START Material for the task
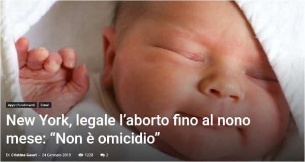 Sono tante le testate e i blog che hanno ripreso la notizia sulla nuova legge sull’aborto approvata a New York nei giorni scorsi, qui ad esempio vedete la copertina di Primato Nazionale:
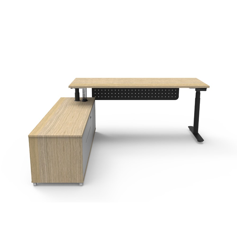 Rapidline Halo+ Executive Desk + LHS Cabinet + Panel 2020W x 2011D x 620-1270mmH Oak/Black
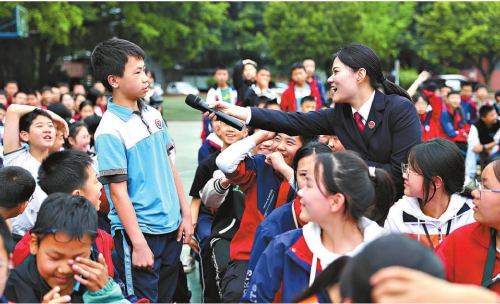 今年4月10日,泸州“纳爱”未成年人检察工作团队联合纳溪区妇联、团区委、区关工委等部门志愿者来到纳溪中学附属棉花坡学校,为师生们带来一场生动的预防校园欺凌主题活动。
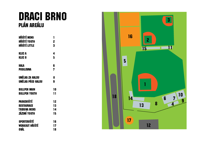 Tréninky do listopadu budou probíhat každý pátek od 16:30 přímo v areálu Draků Brno na malém hřišti (číslo 2 na mapce)
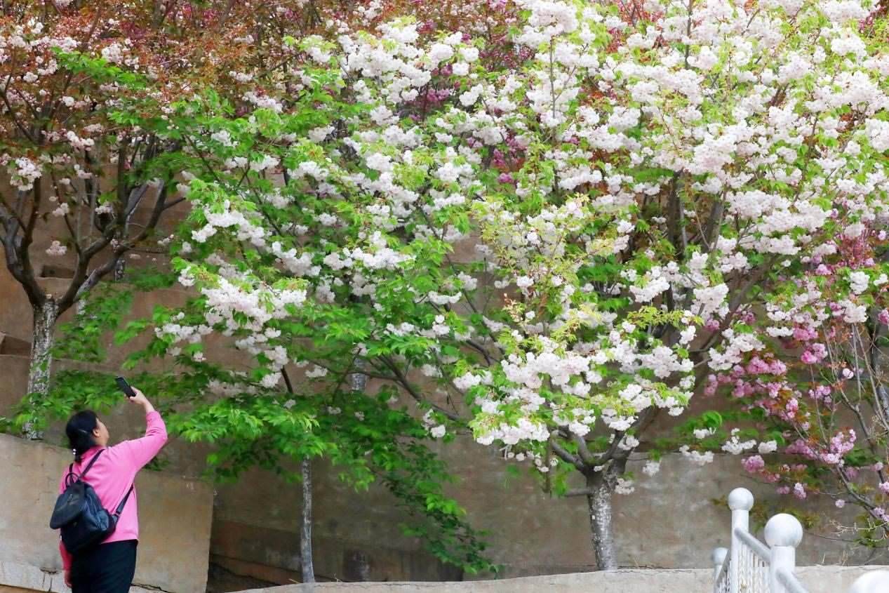 櫻花園里,各類櫻花搖曳生姿,爭(zhēng)相怒放,景色宜人,構(gòu)成一幅幅明麗的春日畫圖。前來(lái)觀賞的游客紛紛在櫻花樹下拍照打卡。
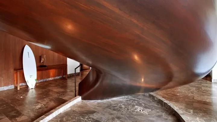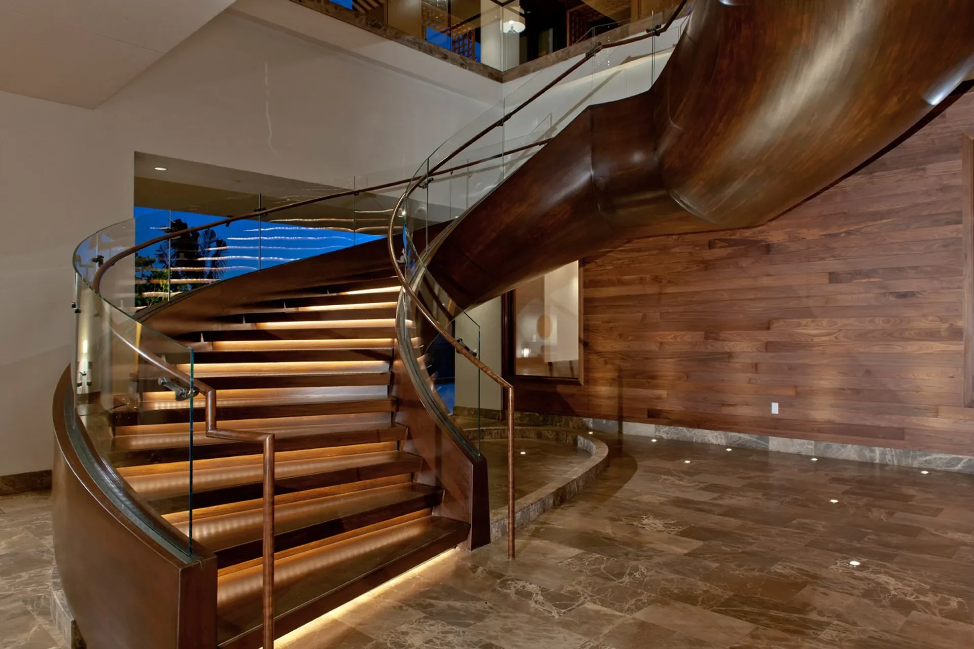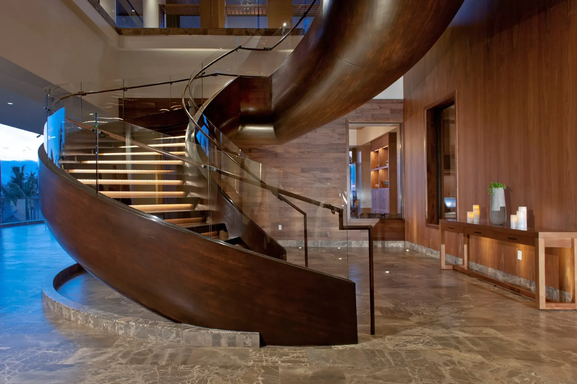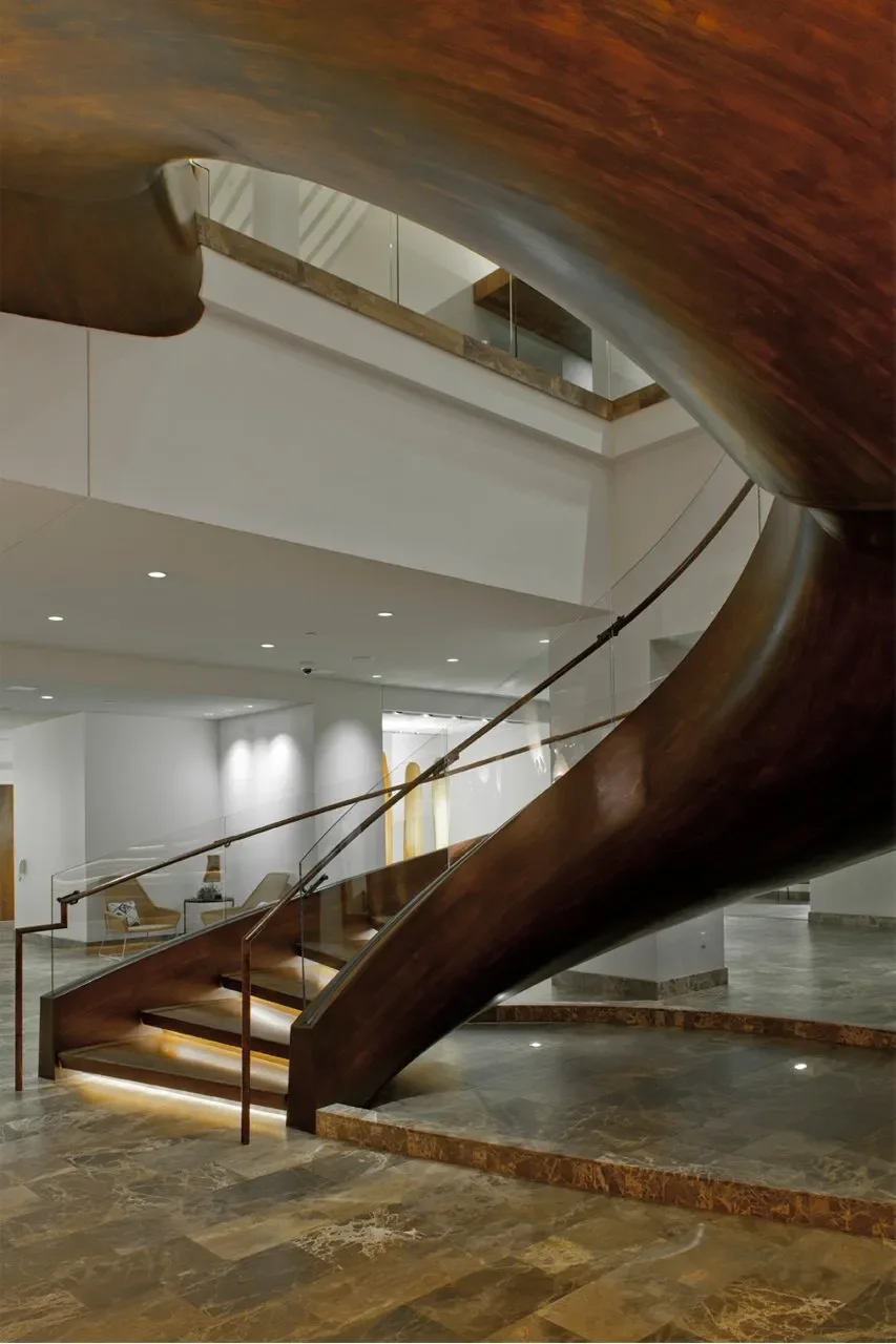 Inspired by the internal structure of a nautilus shell, the free-floating stair was fabricated from cold-molded white oak using traditional boatbuilding techniques. The internal frame of curved CNC-formed steel tubing supports a curved glass guardrail with custom-machined bronze brackets, combining organic form with structural precision.
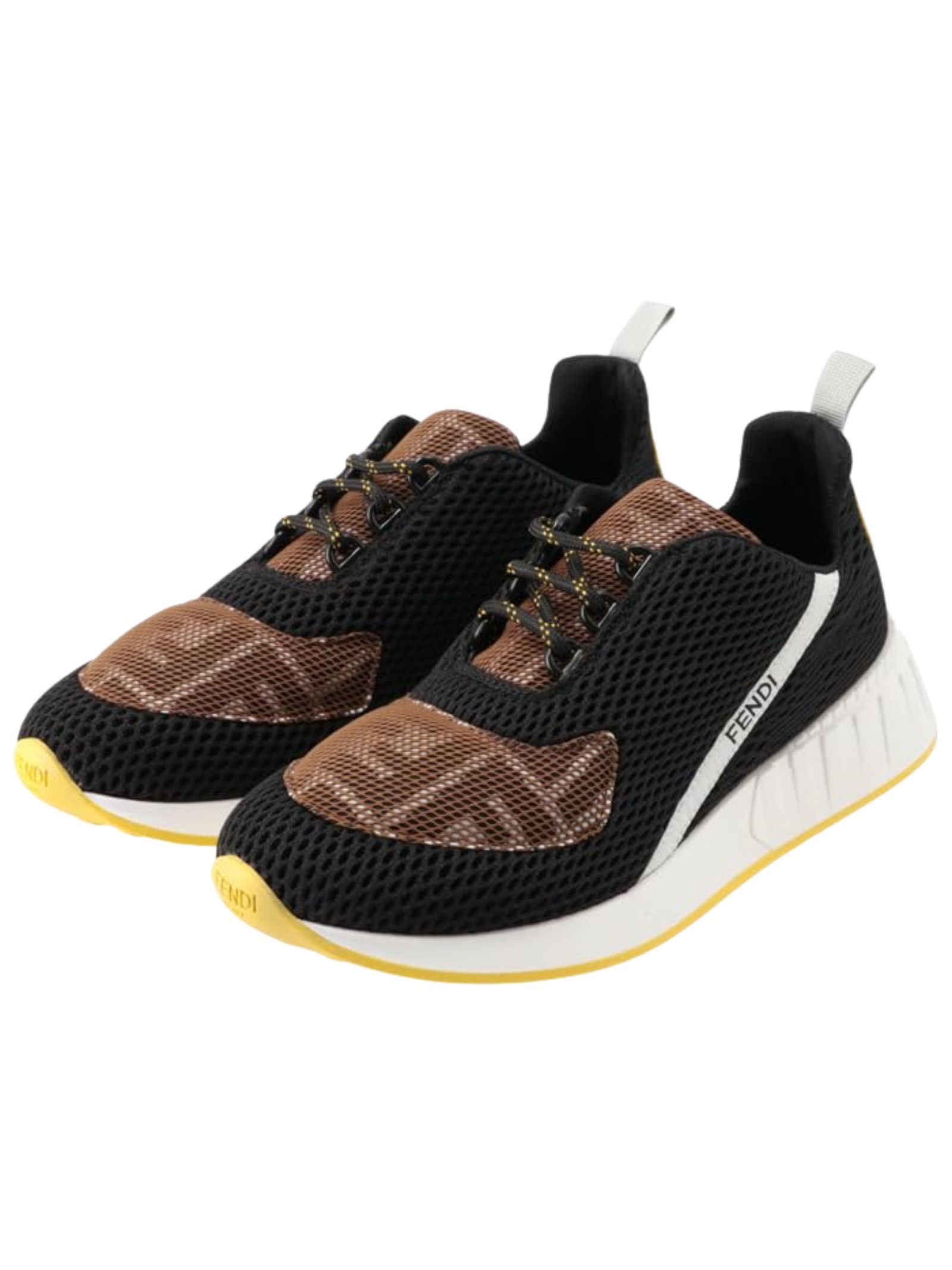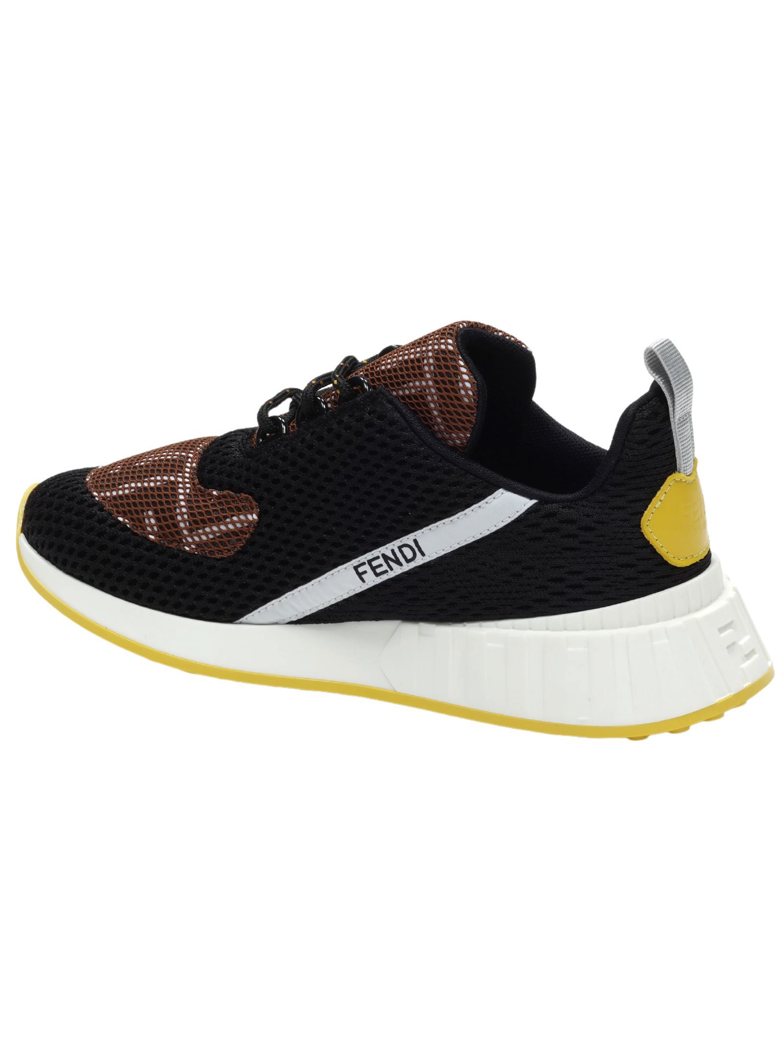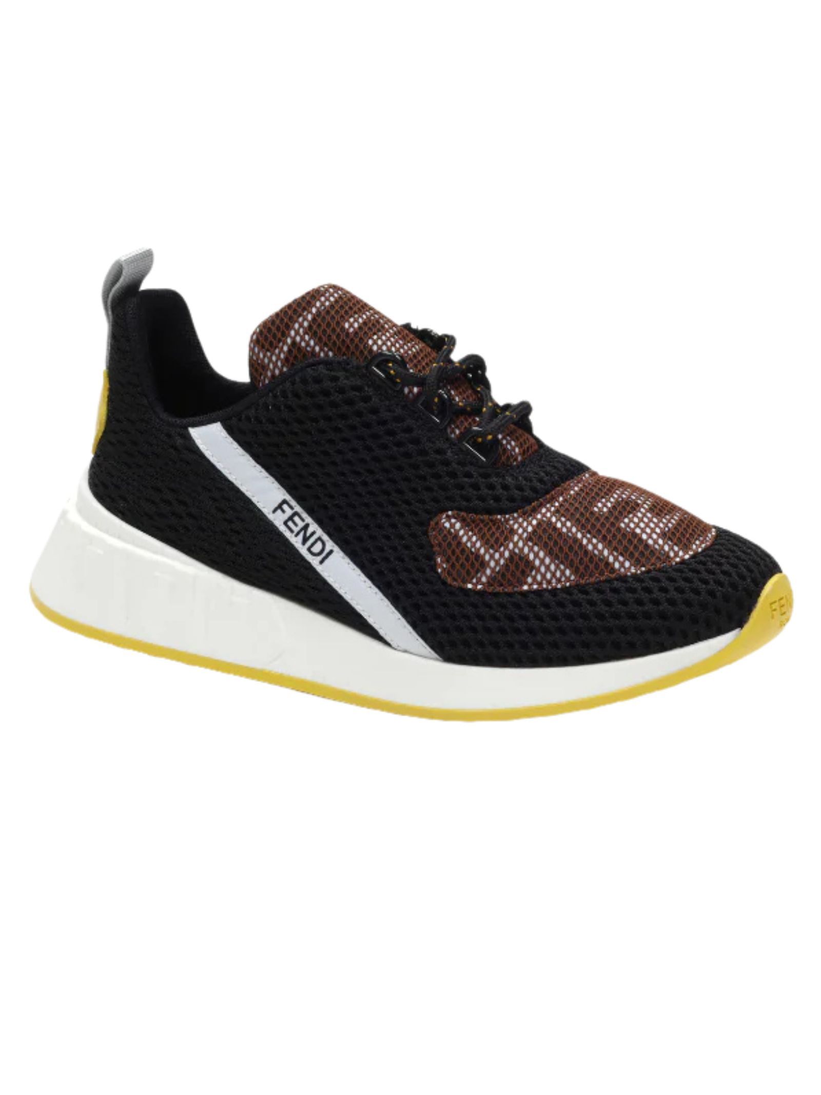 FENDI Kids scarpe in tela elastica, stringate, realizzate in rete, di colore nero con tomaia in mesh per un'impressione sportiva, parti in giallo e marrone, applicazione logo sul retro e sul laterale. Made in Italy
END Material for the task
▶ Brief:
Your copy should hold only the lines running from the one that contains "Inspired by the" through the final line of the data; transcribe them exactly, both ends included, and leave pictures out.

▶ Exercise solution:
 Inspired by the internal structure of a nautilus shell, the free-floating stair was fabricated from cold-molded white oak using traditional boatbuilding techniques. The internal frame of curved CNC-formed steel tubing supports a curved glass guardrail with custom-machined bronze brackets, combining organic form with structural precision.
 FENDI Kids scarpe in tela elastica, stringate, realizzate in rete, di colore nero con tomaia in mesh per un'impressione sportiva, parti in giallo e marrone, applicazione logo sul retro e sul laterale. Made in Italy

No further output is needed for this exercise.